%%
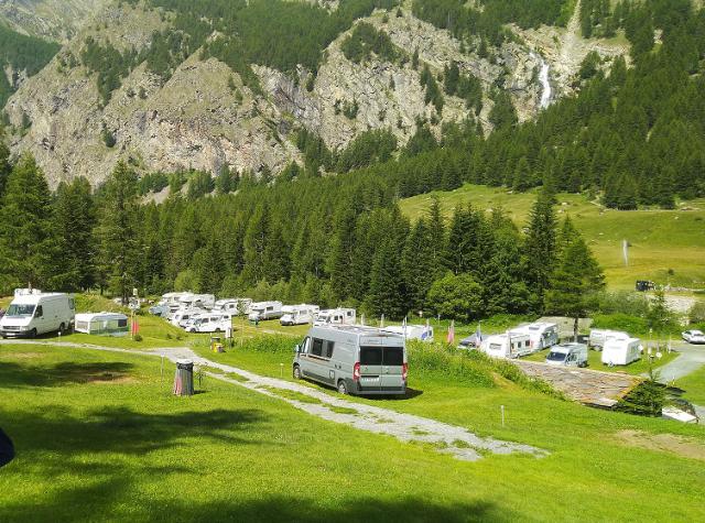 All'interno del Parco Nazionale del Gran Paradiso, piccolo campeggio vicino a fiume e cascata, dispone di piazzole su fondo erboso per tende, caravan e camper.
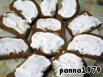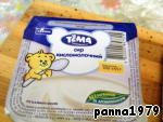 Каждый кусочек хлеба смазать сыром маскарпоне. Вот тут у меня начались проблемы - такого сыра, как и Филадельфии, в магазине не оказалось, поэтому пришлось срочно придумывать замену. Неплохим вариантом, на мой вкус, стали детский творожок "Тема" без наполнителей и творожок фирмы "Президент".
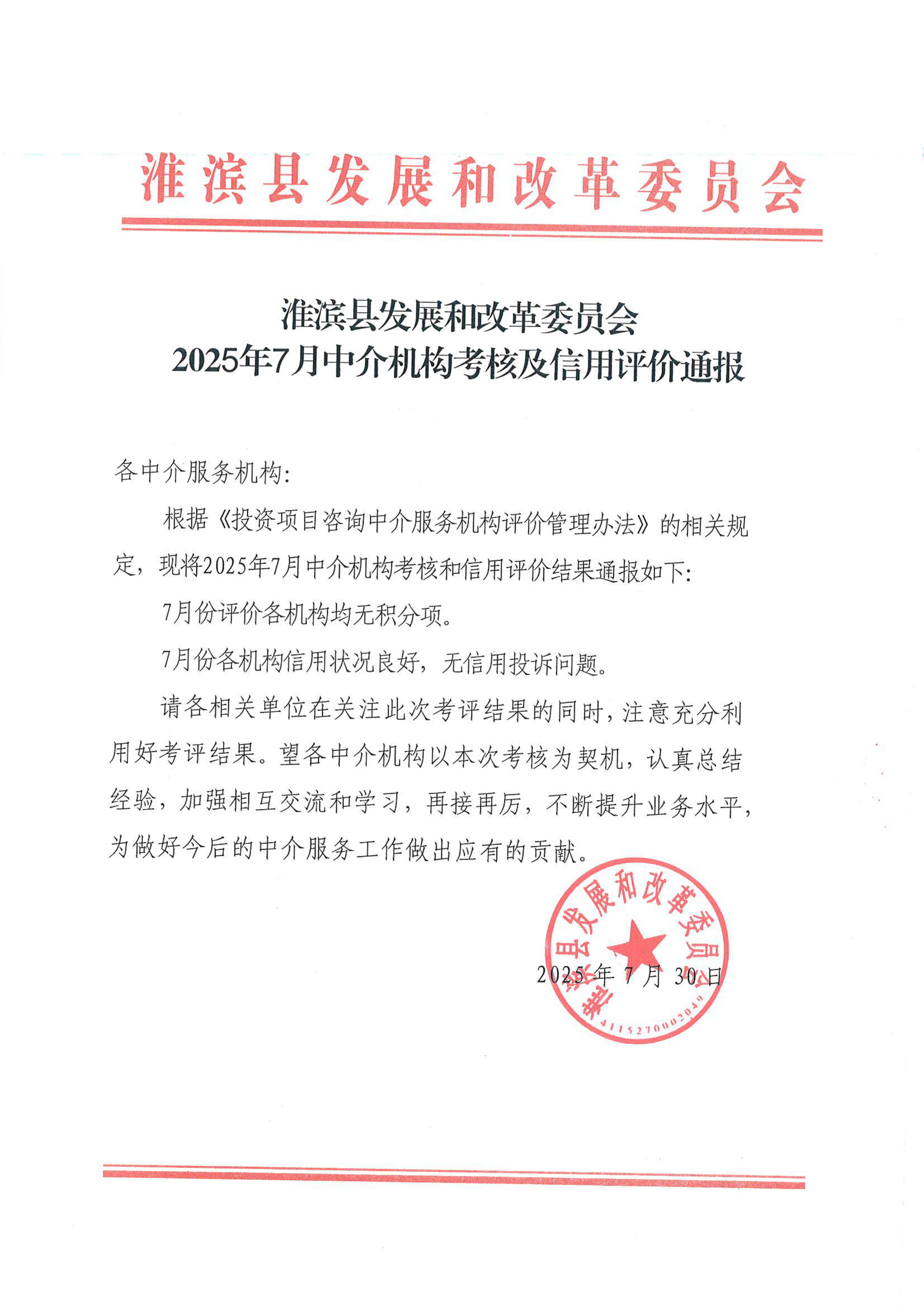 淮滨县发展和改革委员会2025年7月中介机构考核及信用评价通报
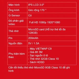 #VIETMAPC9 – # Camera hành trình Full HD góc rộng 170° – Hàng chính hãng bảo hành 12 tháng
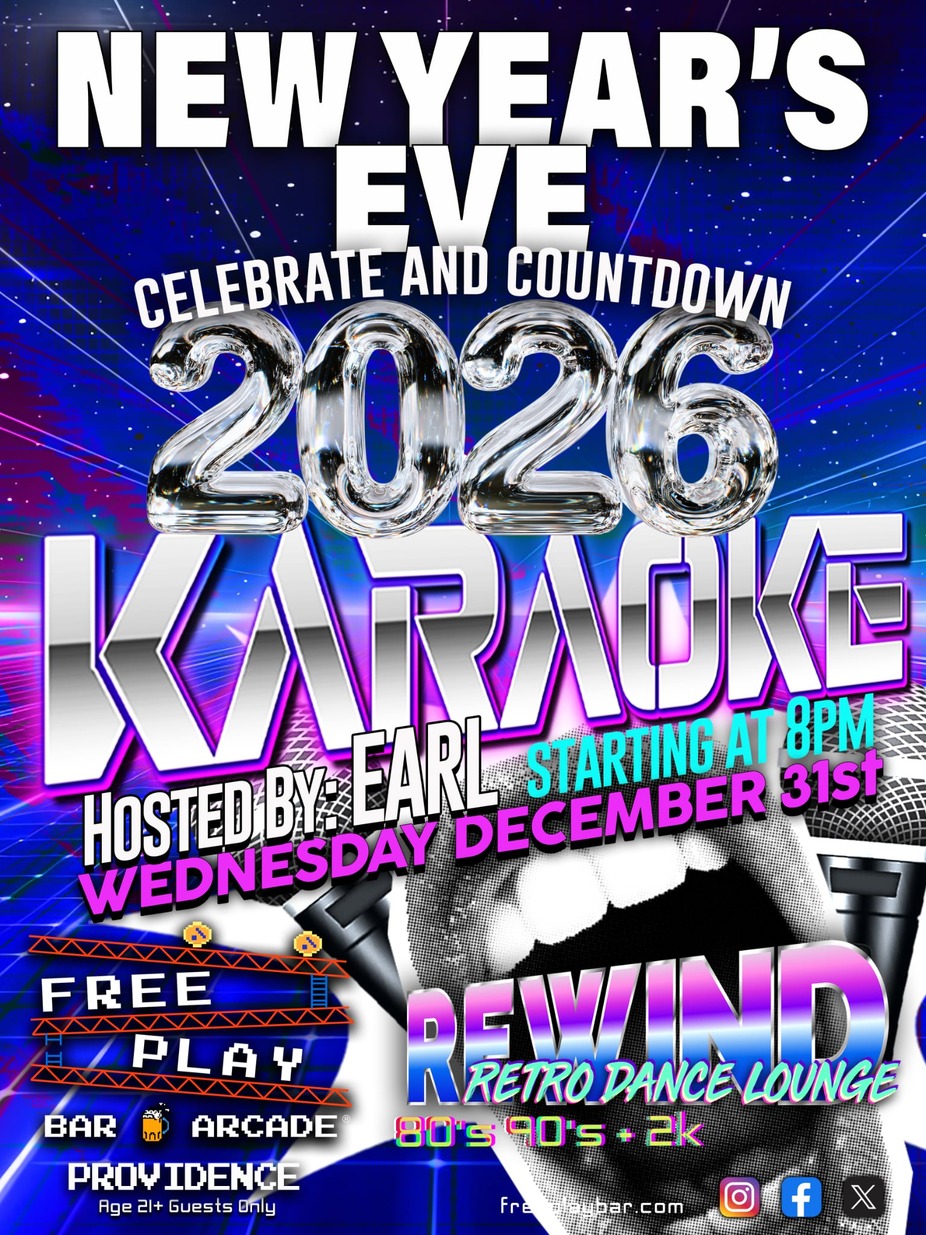 GAME OVER 2025! Let's Ring in 2026 at Freeplay Providence! Come celebrate the New Year and enjoy over 150 Arcade Games, Pinball, Skee Ball, Air Hockey, and DDR! Plus Earl will be hosting karaoke upstairs in the Rewind Retro Dance Lounge! Freeplay doors open at 5PM, Karaoke starts at 8PM, Admission = $12. Start your 2026 New Year off right @ Freeplay Providence!
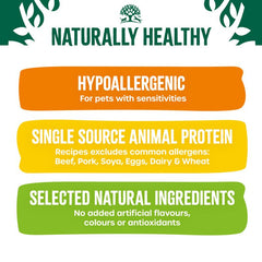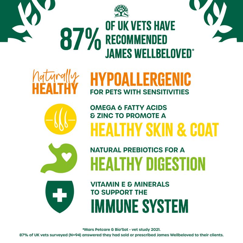James Wellbeloved cat and dog food and treats exclude beef, pork, wheat, wheat gluten, dairy products, eggs, or soya, reducing the risk of food intolerances.
%%
What needs to be done |
All of the entries above need to be transcribed exactly, except for the pictures.

Finished task |
 All'interno del Parco Nazionale del Gran Paradiso, piccolo campeggio vicino a fiume e cascata, dispone di piazzole su fondo erboso per tende, caravan e camper.
 Каждый кусочек хлеба смазать сыром маскарпоне. Вот тут у меня начались проблемы - такого сыра, как и Филадельфии, в магазине не оказалось, поэтому пришлось срочно придумывать замену. Неплохим вариантом, на мой вкус, стали детский творожок "Тема" без наполнителей и творожок фирмы "Президент".
 淮滨县发展和改革委员会2025年7月中介机构考核及信用评价通报
 #VIETMAPC9 – # Camera hành trình Full HD góc rộng 170° – Hàng chính hãng bảo hành 12 tháng
 GAME OVER 2025! Let's Ring in 2026 at Freeplay Providence! Come celebrate the New Year and enjoy over 150 Arcade Games, Pinball, Skee Ball, Air Hockey, and DDR! Plus Earl will be hosting karaoke upstairs in the Rewind Retro Dance Lounge! Freeplay doors open at 5PM, Karaoke starts at 8PM, Admission = $12. Start your 2026 New Year off right @ Freeplay Providence!
James Wellbeloved cat and dog food and treats exclude beef, pork, wheat, wheat gluten, dairy products, eggs, or soya, reducing the risk of food intolerances.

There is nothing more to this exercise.